それまでは11月に入るとパソコンを駆使し、どんな絵柄にするかとフリー素材を探し、それに少し手を加え、そこに文字を当てはめ、年賀葉書の裏面にプリントアウトしてオリジナルの葉書にしていた。
この自己満足で作成したものを誰かに見せたい気持ちもあり、創作する一連の作業は楽しいものだった。
 でも、あれ、なぜこの楽しさをやめたのだろう。
 コロナ禍で外出もままならず、家にいることが多くなり時間はたっぷりあったはずなのに、だ。
 貴文と連絡が取れなくなったからだろうか。
 時間は有意義に使いこなさなければ持て余してしまう。忙しく動いていれば自ずと割り振りができ、少しの時間でもやりたい事を組み込めていた。

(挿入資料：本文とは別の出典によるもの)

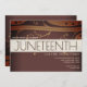 Um convite para uma comemoração de 12 de junho. O convite tem um esquema de cores castanho e creme. Personalize o texto, adicione este convite ao seu carrinho e comemore a liberdade, os ancestrais e o progresso a seguir.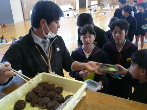 出来上がったおもち、来校者の皆さん、そして全校でおいしく頂きました!

 なのに、ひとりでは余りすぎる時間のせいで、今じゃなくてもいつでもできる、と先延ばしにする物事が多くなっていた。賀状づくりもそのひとつだった。
 何をするにも面倒くさく、やる気が失せ、けだるさが体中に蔓延していた。まるで世間をにぎわせている厄介なウイルスに感染したみたいだ。この流行りの厄介ものには、実際に罹ってはいないのが幸いだけど。
 気づけば一年の締めくくりの日。
 もう間に合わないし、今年はやめよう。これを機に年賀状から卒業するのもいいかもしれない。
 どのみち年賀状だけの付き合いが大半を占めてきている。もう何年も、いや何十年も会っていない人もいるし、いまでは顔すら思い出せない人もいる。来るから出す、出すから来る、を繰り返す義理の往復葉書的になっている。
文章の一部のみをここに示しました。